Bug #19039 multi node stop causes node failure handling not to complete
Submitted: 12 Apr 2006 10:12 Modified: 28 Apr 2006 9:07
Reporter: Tomas Ulin Email Updates:
Status: Closed Impact on me:
None 
Category:MySQL Cluster: Cluster (NDB) storage engine Severity:S2 (Serious)
Version:4.1-> OS:
Assigned to: CPU Architecture:Any

[12 Apr 2006 10:12] Tomas Ulin
Description:
nodes 3,4,5,6

5 is master, and is killed
3 (newly elected master, and not completed takeover), is killed

resulting in "node failure handling not completed..." of node 5

How to repeat:
2006-04-06 14:53:49 [MgmSrvr] INFO     -- Node 5: Local checkpoint 37 started. Keep GCI = 80121 oldest restorable GCI = 80422
2006-04-06 15:36:04 [MgmSrvr] ALERT    -- Node 3: Node 5 Disconnected
2006-04-06 15:36:04 [MgmSrvr] INFO     -- Node 3: Communication to Node 5 closed
2006-04-06 15:36:04 [MgmSrvr] INFO     -- Node 1: Node 5 Connected
2006-04-06 15:36:04 [MgmSrvr] ALERT    -- Node 3: Arbitration check won - node group majority
2006-04-06 15:36:04 [MgmSrvr] INFO     -- Node 3: President restarts arbitration thread [state=6]
2006-04-06 15:36:04 [MgmSrvr] INFO     -- Node 3: GCP Take over started

....

2006-04-06 15:36:04 [MgmSrvr] INFO     -- Node 5: Node shutdown completed.
2006-04-06 15:36:05 [MgmSrvr] INFO     -- Node 1: Node 3 Connected
2006-04-06 15:36:05 [MgmSrvr] ALERT    -- Node 4: Node 3 Disconnected
2006-04-06 15:36:05 [MgmSrvr] INFO     -- Node 4: Communication to Node 3 closed
2006-04-06 15:36:05 [MgmSrvr] ALERT    -- Node 4: Network partitioning - arbitration required
2006-04-06 15:36:05 [MgmSrvr] INFO     -- Node 4: President restarts arbitration thread [state=7]
2006-04-06 15:36:05 [MgmSrvr] ALERT    -- Node 6: Node 3 Disconnected
2006-04-06 15:36:05 [MgmSrvr] INFO     -- Node 6: Communication to Node 3 closed
2006-04-06 15:36:05 [MgmSrvr] ALERT    -- Node 4: Arbitration won - positive reply from node 1
2006-04-06 15:36:05 [MgmSrvr] INFO     -- Node 4: GCP Take over started

....

2006-04-06 15:37:00 [MgmSrvr] INFO     -- Node 4: Communication to Node 2 opened
2006-04-06 15:37:00 [MgmSrvr] INFO     -- Node 6: Communication to Node 2 opened
2006-04-06 15:37:03 [MgmSrvr] WARNING  -- Node 4: Failure handling of node 5 has not completed in 1 min. - state = 3
2006-04-06 15:37:03 [MgmSrvr] WARNING  -- Node 6: Failure handling of node 5 has not completed in 1 min. - state = 3
2006-04-06 15:38:03 [MgmSrvr] WARNING  -- Node 4: Failure handling of node 5 has not completed in 2 min. - state = 3
2006-04-06 15:38:04 [MgmSrvr] WARNING  -- Node 6: Failure handling of node 5 has not completed in 2 min. - state = 3
[26 Apr 2006 12:12] Bugs System
A patch for this bug has been committed.

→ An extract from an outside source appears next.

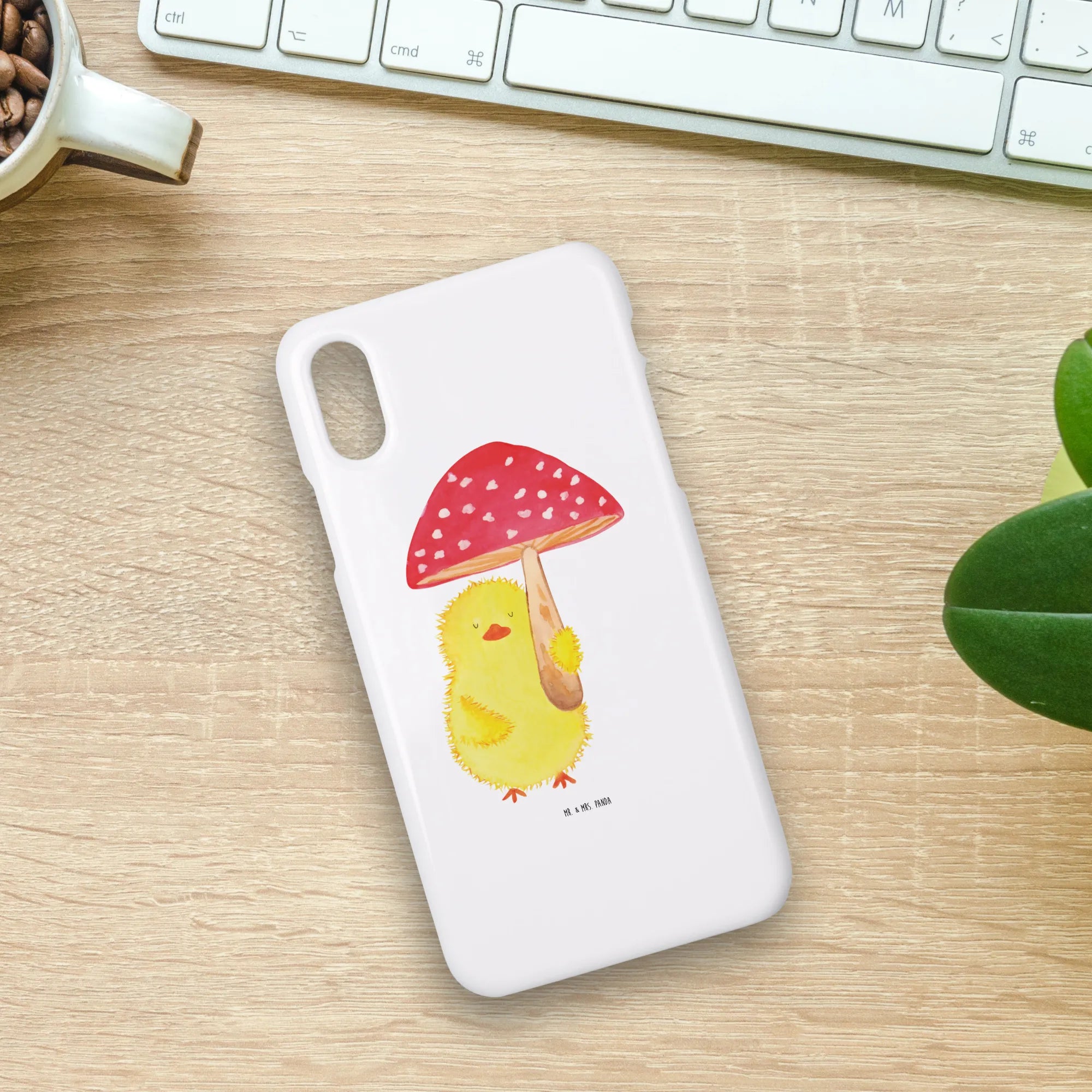 Jedes detailverliebte Design wurde handgezeichnet und zaubert sofort ein Lächeln auf dein Gesicht. Das niedliche Küken hält stolz einen roten Fliegenpilz, den man sich fast als kleinen Regenschirm vorstellen kann. Diese ausgefallene Gestaltung macht die Handyhülle zu einem wahren Eyecatcher.
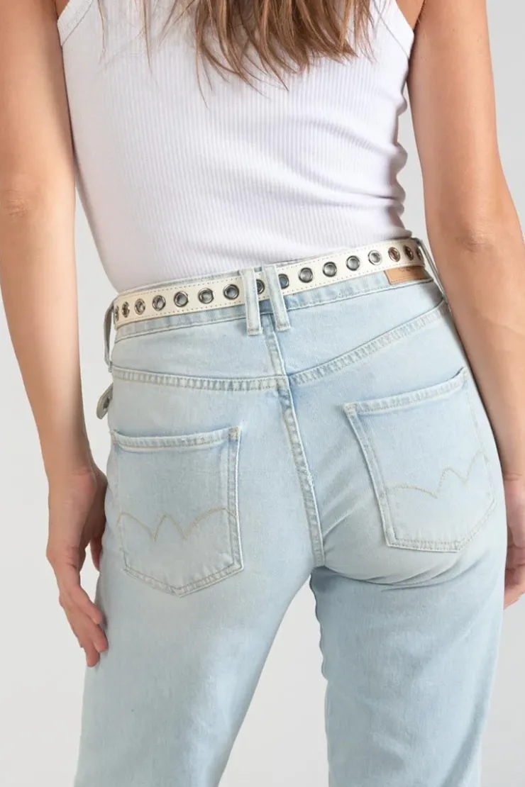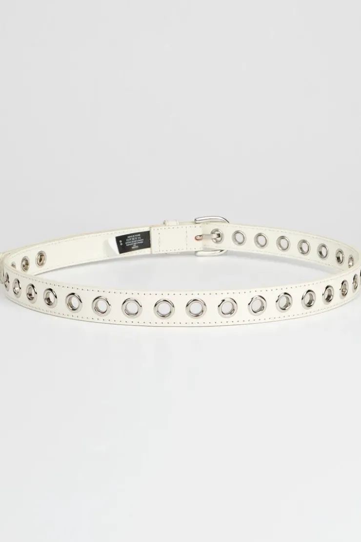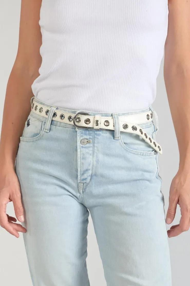 Cette Ceinture Taouna Est L’Accessoire Mode De Votre Tenue Avec Son Cuir Blanc, Ses Oeillets Argentes Tout Le Long De La Ceinture Et Sa Mini Boucle Argentee.

After review, it may
be pushed to the relevant source trees for release in the next
version. You can access the patch from:

  http://lists.mysql.com/commits/5565
[26 Apr 2006 12:12] Bugs System
A patch for this bug has been committed. After review, it may
be pushed to the relevant source trees for release in the next
version. You can access the patch from:

  http://lists.mysql.com/commits/5566
[27 Apr 2006 5:29] Tomas Ulin
changed bug report to only adress the issue that this may happen even if nodes are shutdown using the management server

a fix for this has been pushed to 5.0.22 and 5.1.10
[27 Apr 2006 5:30] Tomas Ulin
patch reviewed by Jonas
[28 Apr 2006 9:07] Jon Stephens
Thank you for your bug report. This issue has been committed to our
source repository of that product and will be incorporated into the
next release.

If necessary, you can access the source repository and build the latest
available version, including the bugfix, yourself. More information 
about accessing the source trees is available at
    http://www.mysql.com/doc/en/Installing_source_tree.html

Additional info:

Documented bugfix in 5.0.22/5.1.10 changelogs; closed.